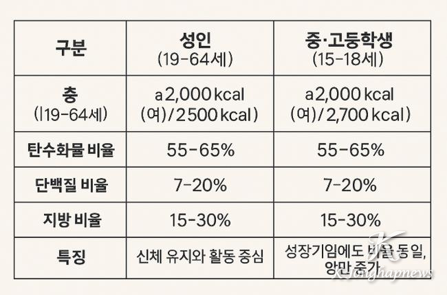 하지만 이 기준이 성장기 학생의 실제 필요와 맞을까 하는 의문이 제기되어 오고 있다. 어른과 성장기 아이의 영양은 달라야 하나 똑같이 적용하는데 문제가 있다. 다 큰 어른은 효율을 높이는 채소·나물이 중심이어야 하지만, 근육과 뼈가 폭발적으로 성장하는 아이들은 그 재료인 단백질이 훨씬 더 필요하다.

...

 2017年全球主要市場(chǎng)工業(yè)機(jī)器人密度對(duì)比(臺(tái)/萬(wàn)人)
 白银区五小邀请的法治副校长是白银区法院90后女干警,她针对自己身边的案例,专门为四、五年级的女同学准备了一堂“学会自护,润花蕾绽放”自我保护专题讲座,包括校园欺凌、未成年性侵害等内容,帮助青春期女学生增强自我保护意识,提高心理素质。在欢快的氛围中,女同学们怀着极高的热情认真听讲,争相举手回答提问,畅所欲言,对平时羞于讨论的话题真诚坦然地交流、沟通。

> [What to produce]: Reproduce, word for word and in full, only the lines above that start at the line with "2017年全球主要市場(ch" and run through the line with "白银区五小邀请的法治副校长是", both ends included.

> [Solution to the exercise]:
 2017年全球主要市場(chǎng)工業(yè)機(jī)器人密度對(duì)比(臺(tái)/萬(wàn)人)
 白银区五小邀请的法治副校长是白银区法院90后女干警,她针对自己身边的案例,专门为四、五年级的女同学准备了一堂“学会自护,润花蕾绽放”自我保护专题讲座,包括校园欺凌、未成年性侵害等内容,帮助青春期女学生增强自我保护意识,提高心理素质。在欢快的氛围中,女同学们怀着极高的热情认真听讲,争相举手回答提问,畅所欲言,对平时羞于讨论的话题真诚坦然地交流、沟通。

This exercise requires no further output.